_Task brief_: In the data below, find the line that contains "Este curso taller" and the line that contains "Elevate your jewelry". Copy both, plus every line between them, exactly.

_Input data_:
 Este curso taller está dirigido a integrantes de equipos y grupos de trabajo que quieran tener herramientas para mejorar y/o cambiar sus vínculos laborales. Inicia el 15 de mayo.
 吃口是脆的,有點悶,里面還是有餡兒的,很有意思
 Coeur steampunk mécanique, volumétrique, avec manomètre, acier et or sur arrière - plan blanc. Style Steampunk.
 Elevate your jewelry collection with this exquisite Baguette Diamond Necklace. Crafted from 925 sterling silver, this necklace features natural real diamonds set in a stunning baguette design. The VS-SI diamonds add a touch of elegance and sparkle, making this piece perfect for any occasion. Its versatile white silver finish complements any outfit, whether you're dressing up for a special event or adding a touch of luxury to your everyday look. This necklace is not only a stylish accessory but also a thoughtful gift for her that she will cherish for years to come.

* * *

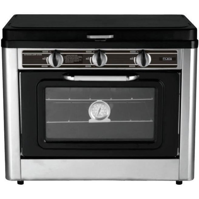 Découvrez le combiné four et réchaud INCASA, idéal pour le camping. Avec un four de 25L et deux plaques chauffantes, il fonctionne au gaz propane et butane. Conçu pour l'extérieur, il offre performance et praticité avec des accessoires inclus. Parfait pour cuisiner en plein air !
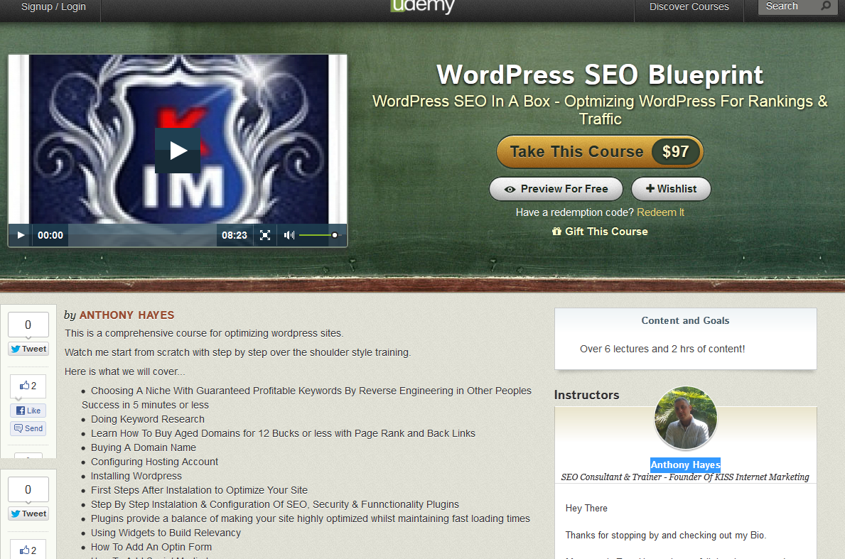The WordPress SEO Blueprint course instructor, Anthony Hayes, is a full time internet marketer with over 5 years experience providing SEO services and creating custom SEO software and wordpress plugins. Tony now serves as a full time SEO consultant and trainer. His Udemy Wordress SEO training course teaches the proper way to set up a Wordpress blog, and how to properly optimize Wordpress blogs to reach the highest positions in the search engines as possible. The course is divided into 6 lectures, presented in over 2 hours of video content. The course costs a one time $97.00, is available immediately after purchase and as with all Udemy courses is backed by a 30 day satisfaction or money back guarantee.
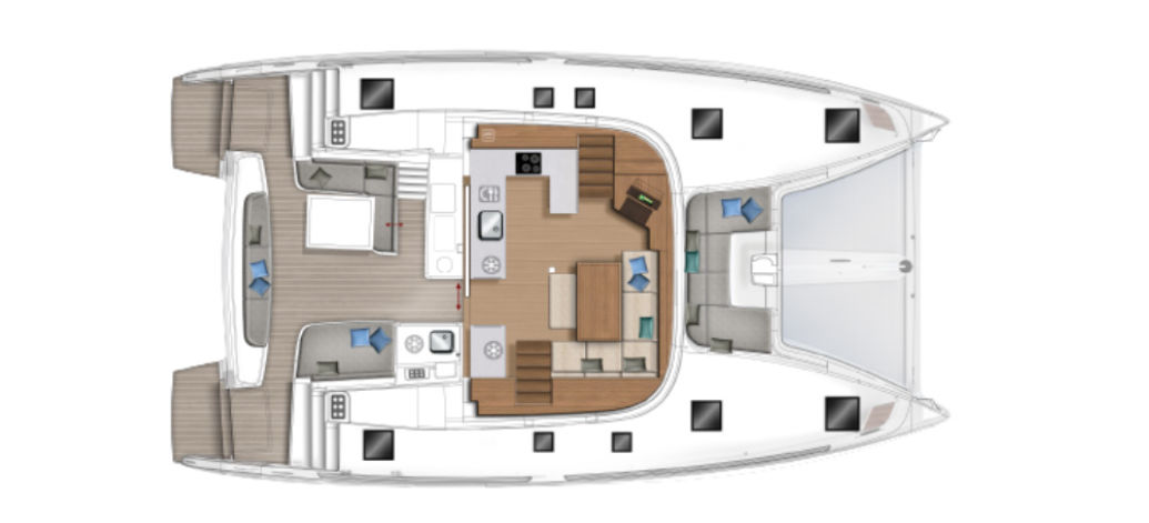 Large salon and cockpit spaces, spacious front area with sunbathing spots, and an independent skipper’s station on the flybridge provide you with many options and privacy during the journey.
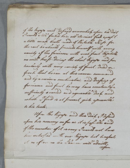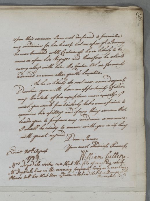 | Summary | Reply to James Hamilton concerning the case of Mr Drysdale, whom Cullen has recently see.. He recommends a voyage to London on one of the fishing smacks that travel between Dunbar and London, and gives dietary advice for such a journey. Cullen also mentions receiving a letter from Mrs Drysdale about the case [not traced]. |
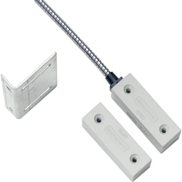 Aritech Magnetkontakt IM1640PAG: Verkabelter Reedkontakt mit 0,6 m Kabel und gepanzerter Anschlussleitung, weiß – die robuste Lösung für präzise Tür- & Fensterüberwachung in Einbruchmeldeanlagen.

_Problem solution_:
 Este curso taller está dirigido a integrantes de equipos y grupos de trabajo que quieran tener herramientas para mejorar y/o cambiar sus vínculos laborales. Inicia el 15 de mayo.
 吃口是脆的,有點悶,里面還是有餡兒的,很有意思
 Coeur steampunk mécanique, volumétrique, avec manomètre, acier et or sur arrière - plan blanc. Style Steampunk.
 Elevate your jewelry collection with this exquisite Baguette Diamond Necklace. Crafted from 925 sterling silver, this necklace features natural real diamonds set in a stunning baguette design. The VS-SI diamonds add a touch of elegance and sparkle, making this piece perfect for any occasion. Its versatile white silver finish complements any outfit, whether you're dressing up for a special event or adding a touch of luxury to your everyday look. This necklace is not only a stylish accessory but also a thoughtful gift for her that she will cherish for years to come.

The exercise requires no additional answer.